• **Task item**: Transcribe the entries below exactly, starting with the line that has "-На данный момент" and stopping after the line that has "蕉内绒绒5系男童半边绒连帽加厚家居服套装冬亲子装女童儿童睡衣"; no pictures belong in the copy.

• **Data section**:
<<<<

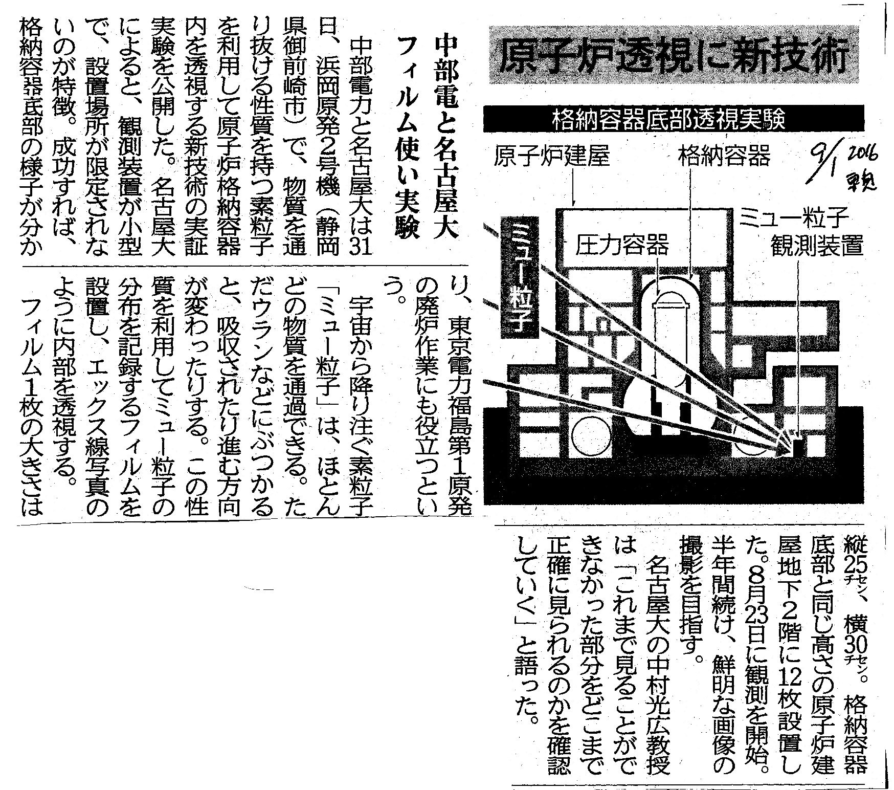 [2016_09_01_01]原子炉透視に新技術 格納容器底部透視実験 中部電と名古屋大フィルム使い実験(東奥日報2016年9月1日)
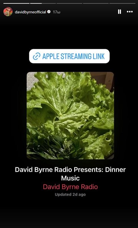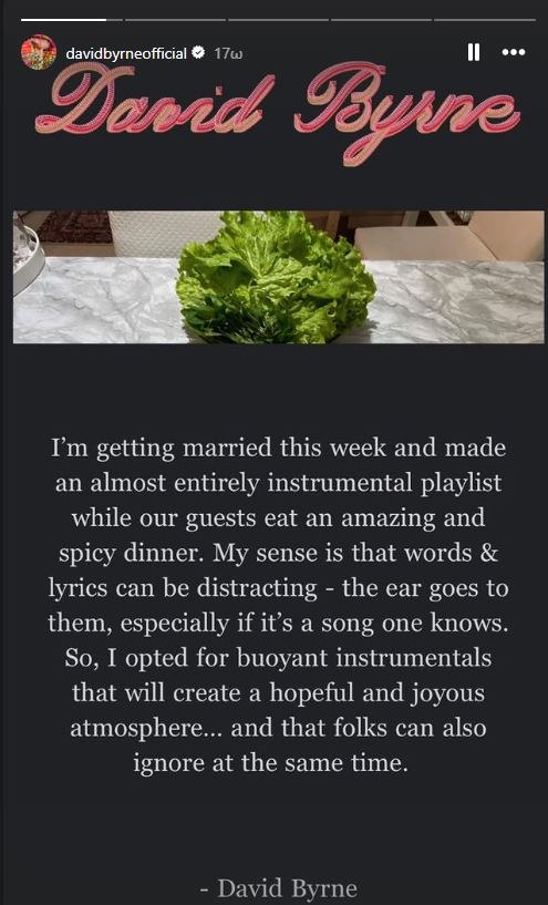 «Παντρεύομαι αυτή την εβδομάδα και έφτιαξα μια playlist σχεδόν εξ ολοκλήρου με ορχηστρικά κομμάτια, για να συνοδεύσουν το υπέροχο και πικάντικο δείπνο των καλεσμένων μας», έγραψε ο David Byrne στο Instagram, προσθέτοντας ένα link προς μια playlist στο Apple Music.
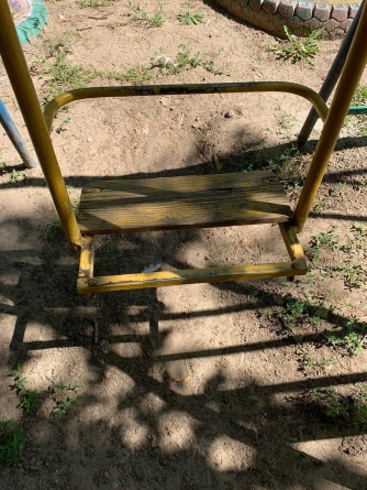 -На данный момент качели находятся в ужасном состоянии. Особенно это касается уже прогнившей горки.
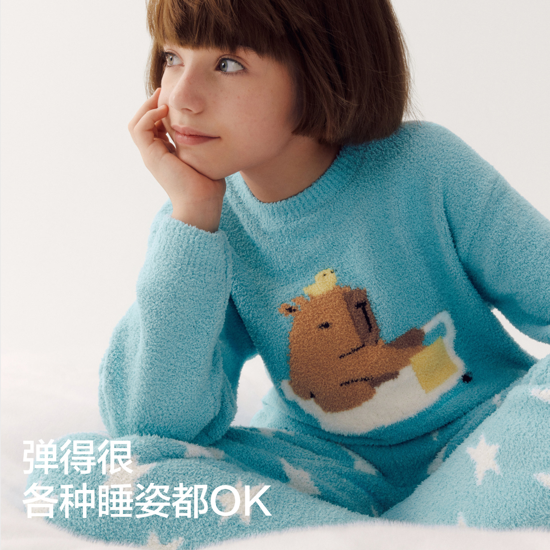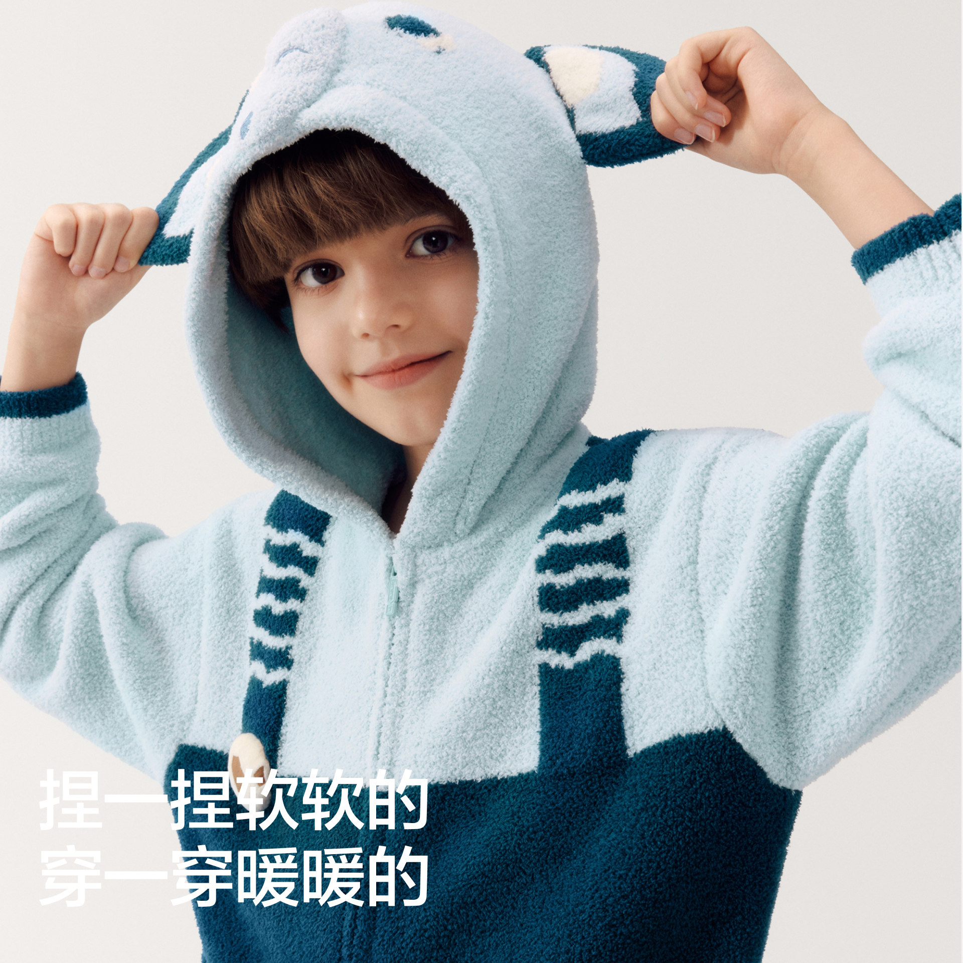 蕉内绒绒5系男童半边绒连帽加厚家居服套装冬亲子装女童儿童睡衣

>>>>
<<<<

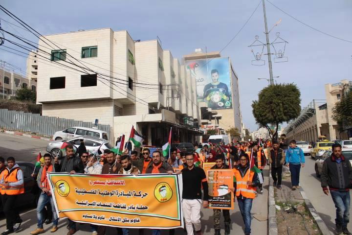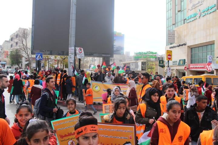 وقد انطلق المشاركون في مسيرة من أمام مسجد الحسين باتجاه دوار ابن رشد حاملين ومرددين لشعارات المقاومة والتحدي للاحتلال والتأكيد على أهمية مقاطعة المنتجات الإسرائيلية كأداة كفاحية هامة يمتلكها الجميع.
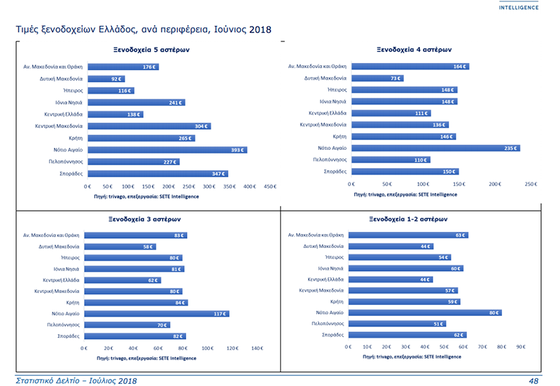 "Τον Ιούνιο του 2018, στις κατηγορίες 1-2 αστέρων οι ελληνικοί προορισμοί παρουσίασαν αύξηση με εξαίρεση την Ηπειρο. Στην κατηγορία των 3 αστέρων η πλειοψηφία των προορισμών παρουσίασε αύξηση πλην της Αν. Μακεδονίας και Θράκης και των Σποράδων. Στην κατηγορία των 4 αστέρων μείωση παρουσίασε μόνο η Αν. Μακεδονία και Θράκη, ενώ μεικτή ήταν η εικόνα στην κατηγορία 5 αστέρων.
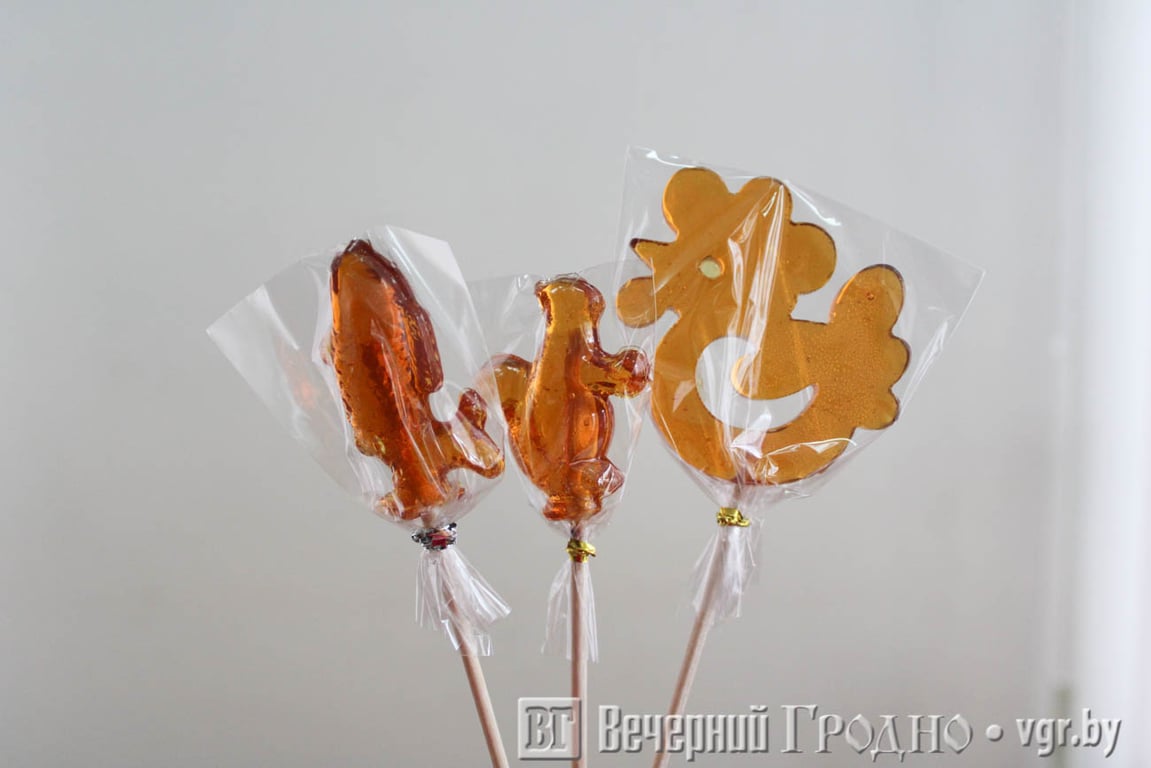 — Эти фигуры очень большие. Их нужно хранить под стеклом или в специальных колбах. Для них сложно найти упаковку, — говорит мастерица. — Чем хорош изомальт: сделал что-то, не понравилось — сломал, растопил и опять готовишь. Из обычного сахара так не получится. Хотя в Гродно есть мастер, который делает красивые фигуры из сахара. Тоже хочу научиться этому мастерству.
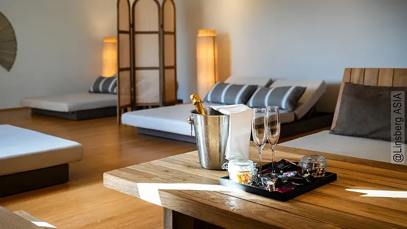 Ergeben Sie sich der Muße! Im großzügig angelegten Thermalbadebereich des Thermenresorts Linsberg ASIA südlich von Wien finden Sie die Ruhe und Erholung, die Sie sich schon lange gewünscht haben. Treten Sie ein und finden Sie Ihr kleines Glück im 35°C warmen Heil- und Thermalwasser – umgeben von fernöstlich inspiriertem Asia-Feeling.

>>>>
<<<<

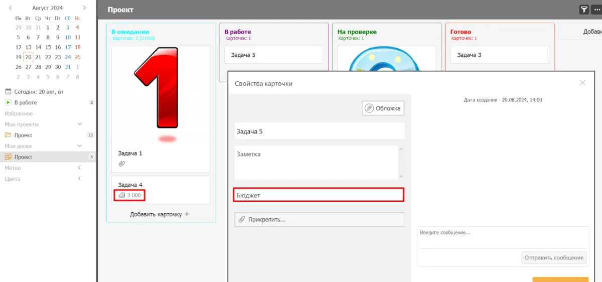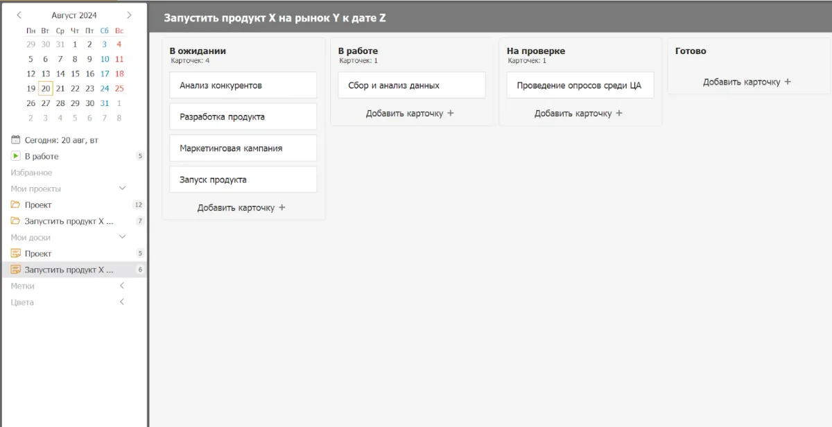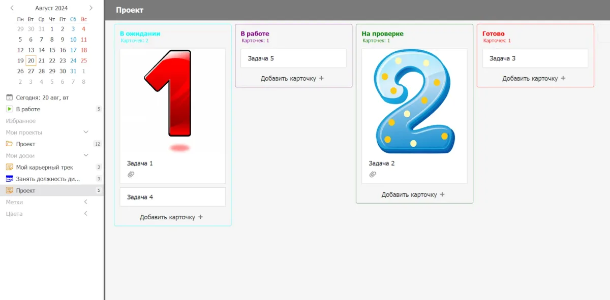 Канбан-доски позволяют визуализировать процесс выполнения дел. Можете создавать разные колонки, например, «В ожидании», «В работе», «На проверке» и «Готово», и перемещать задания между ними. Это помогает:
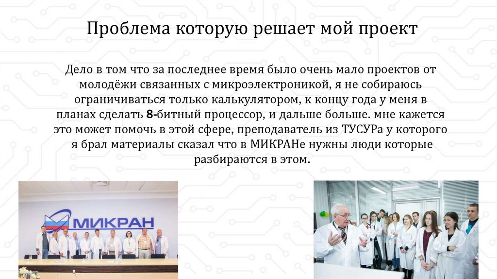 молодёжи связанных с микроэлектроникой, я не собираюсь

>>>>

• **Finished task**:
 -На данный момент качели находятся в ужасном состоянии. Особенно это касается уже прогнившей горки.
 蕉内绒绒5系男童半边绒连帽加厚家居服套装冬亲子装女童儿童睡衣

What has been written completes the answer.